Teachers in the Trenches

My Great Aunt Marion Fargey Brooker wrote a book about my Great Great uncle Jim Farley called Hold the Oxo!: A Teenage Soldier Writes Home. He went to fight for Canada in the First World War when he was 17, got injured at 18 and died at the Battle of the Somme. Jim found solace in writing home about bringing in the harvest, and the price of hogs and not about the horrors of war. Fargey Brooker fills in the gaps to illustrate the challenges of being a young soldier in wartime. We often use the metaphor of teachers being in the trenches and I guess this comes from the brutal reality of teaching. Perhaps we need to challenge our practice of always being the ones who take up the slack of meeting the needs of an education system that requires more and more of us. We need to be able to tell our community our limits and to establish our personal and professional boundaries. My Great Great Uncle died in the trenches of World War One and we should do our best as educators to not suffer from being in a community but rather thrive in a community. 


Make the space and tell your story!

Stories are the medicine that fill in the gaps of the self and show us who we are.

- Catherine Richardson, Belonging Metis

In my TEDx talk, I did a call to action to educators to make the space for students to have a Makerspace where they tinker, build, and experiment and I would like to echo this now with a new call to action, to make the space to build community in our schools and communities. 

• Don’t wait for your principal or someone else to lead in your school, we are all leaders. 

• Find your tribe, your allies, and your accomplices.

• Lift up women, Indigenous, racialized and LGBTQ+ educators. 

• Mentor others and let yourself be mentored. Invite feedback and learn how to accept it.

• Normalize that we all experience Imposter Syndrome and demystify this phenomena for others. Make it normal that we all are perpetual learners with strengths and weaknesses. 

• Value introvert and quiet leaders as they have a super power. They observe, evaluate, listen and take the time to make decisions. We need them as touch stones to guide us on the right path. We need everyone’s voices in the room so identify strategies in meetings to allow everyone to have a say with adequate wait time.

• Promote joy and fun in your school as an antidote for stress and frustration.

What stories are we telling about our community to build and sustain our community?

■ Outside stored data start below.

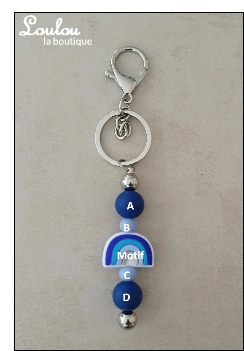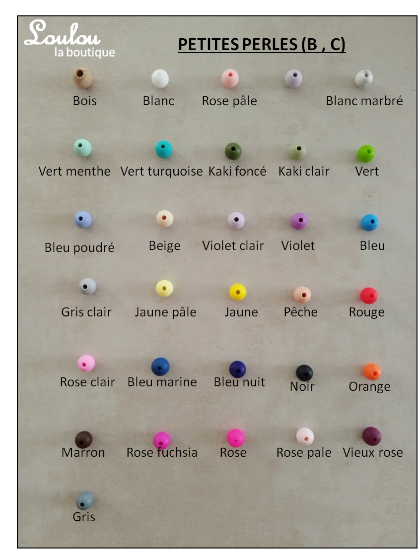 Loulou la boutique vous propose un large panel de couleurs du rose fuchsia au turquoise en passant par le bleu marine. Mariez les comme vous le souhaitez pour concevoir votre porte-clef personnalisé pour être assorti a l’attache tétine de votre enfant. Vous pouvez dorénavant allier le savoir faire de Loulou la boutique avec vos envies les plus folles !
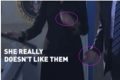特朗普与梅拉尼娅周二坐空军一号到达罗马,二人从机舱步出,向外挥手之后,淮备下机之际,特朗普伸出左手想拖妻子的手。不过未知是有意还是无意,梅拉尼娅立即举手拨头发,避开丈夫的手。
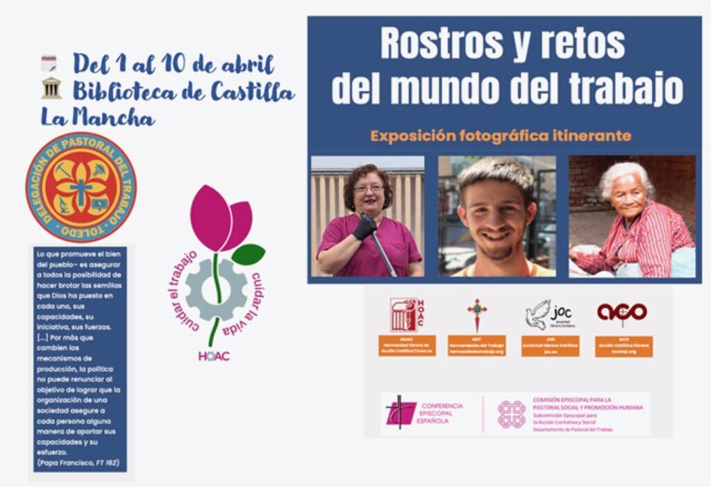 La Biblioteca de Castilla-La Mancha acoge hasta el día 10 de abril la exposición fotográfica ‘Rostros y retos del mundo del trabajo’, una muestra itinerante estructurada en cinco bloques temáticos que abordan cuestiones fundamentales como las condiciones laborales, la vida más allá del trabajo, la lucha por la dignidad laboral y el papel de la Iglesia en el mundo obrero, invitando a la reflexión desde una perspectiva de fe y compromiso cristiano.

We create narratives about all sorts of things that either lift up or breakdown people. Are we good storytellers? What skills do we need to work on to become better storytellers? Are we using story for the good of our community? Are we impeccable with our word? 

Austin Klein in Steal Like an Artist, talks about surrounding ourselves with good content and ideas to be a better artist and storyteller. Also, he talks about our ability to re-cycle and transform things to make them better than before. Invest in your community with good thoughts, deeds and efforts and you will jumpstart innovation. My work is fuelled by the kind people that I have conversations and relationships with. So, make the space of community with others in our schools and watch what innovation happens. 

1 reply

August 16, 2024

Thank you so much for your post! Your story brings me a desire to reflect on my own practices in my coaching role.